Archive

Quotes

Wood burns because it has the proper stuff in it, and a man becomes famous because he has the proper stuff in him.

—Johann Wolfgang von Goethe, c. 1790

Worldly fame is but a breath of wind that blows now this way, now that, and changes names as it changes in direction.

—Dante Alighieri, c. 1315

I am sick and tired of publicity. I want no more of it. It puts me in a bad light. I just want to be forgotten.

—Al Capone, 1929

He who treats another human being as divine thereby assigns to himself the relative status of a child or an animal.

—E. R. Dodds, 1951

Famous, adj. Conspicuously miserable.

—Ambrose Bierce, 1906

I won’t be happy till I’m as famous as God.

—Madonna, c. 1985

Happy is the man who hath never known what it is to taste of fame—to have it is a purgatory, to want it is a hell!
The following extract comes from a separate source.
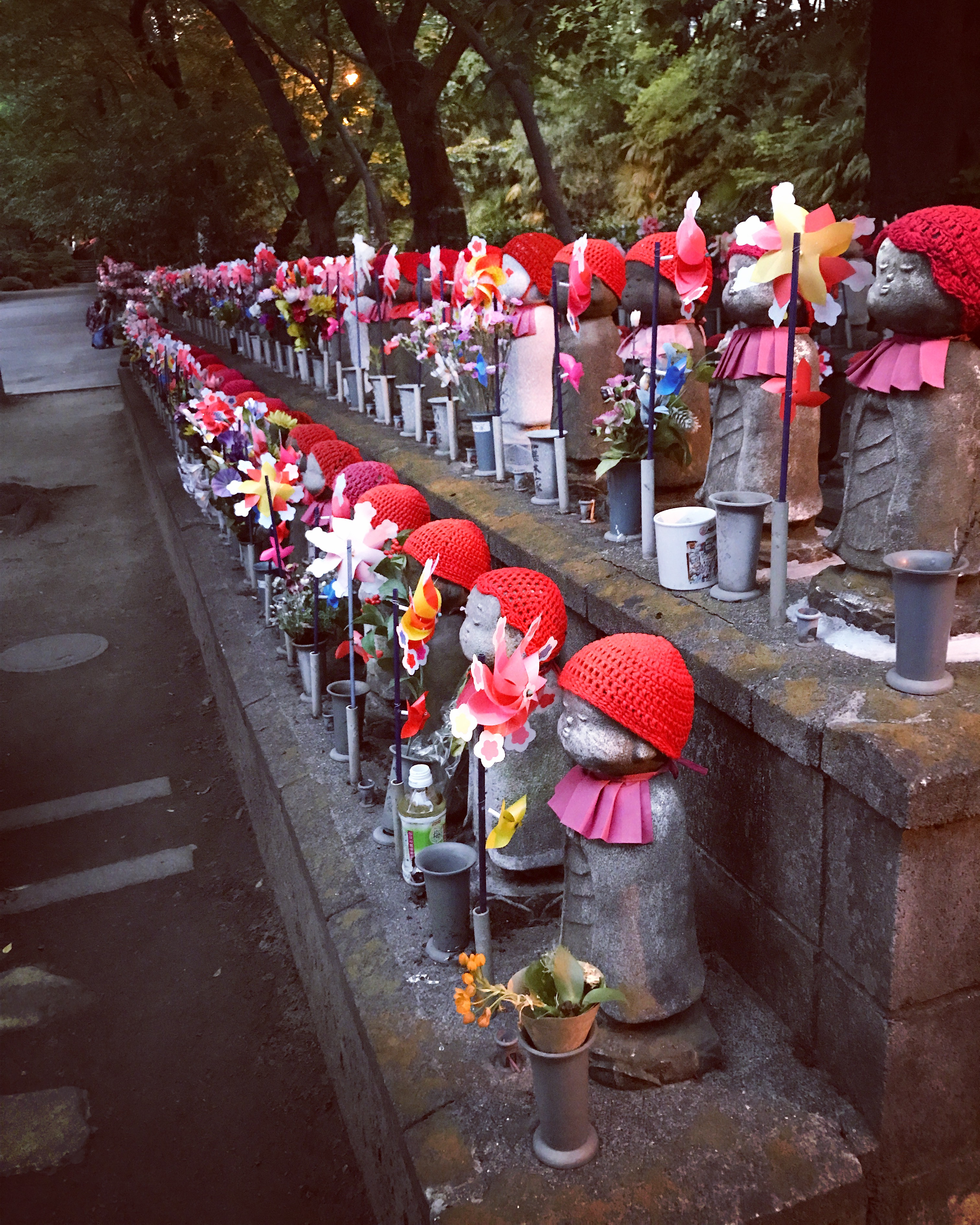 I’m very glad that we decided to do this though, since we accidentally found ourselves walking through Tokyo’s Chinatown, which was neat, and then also stumbling upon a temple we had no idea about, between Chinatown and Tokyo Tower (which I now know to be the Tokyo Zojo-ji Temple). Since it was getting dark, it was also interesting for us to see what temples look like closer to night time, and it also had a portion of the property devoted to Jizo-statues (something I had somehow not seen yet while in Japan). For those of you who don’t know, these statues all start out shaped, and looking the same, but are then claimed by mothers who have lost a child, or children, one way or another. These statues have a long and complex history (which you can read more about here and here), and are mainly meant to cope with the loss of a child. Seeing them was kind of a dream of mine, but was also a heartbreaking experience.

—Edward Bulwer-Lytton, 1843

Fame is but the empty noise of madmen.

—Epictetus, c. 100

What is popularly called fame is nothing but an empty name and a legacy from paganism.

—Erasmus, 1515

Now there is fame! Of all—hunger, misery, the incomprehension by the public—fame is by far the worst. It is the castigation by God of the artist. It is sad. It is true.

—Pablo Picasso, c. 1961

When I do a show, the whole show revolves around me, and if I don’t show up, they can just forget it.

—Ethel Merman, c. 1955

I would much rather have men ask why I have no statue than why I have one.

—Cato the Elder, c. 184 BC

How sweet it is to have people point and say, “There he is.”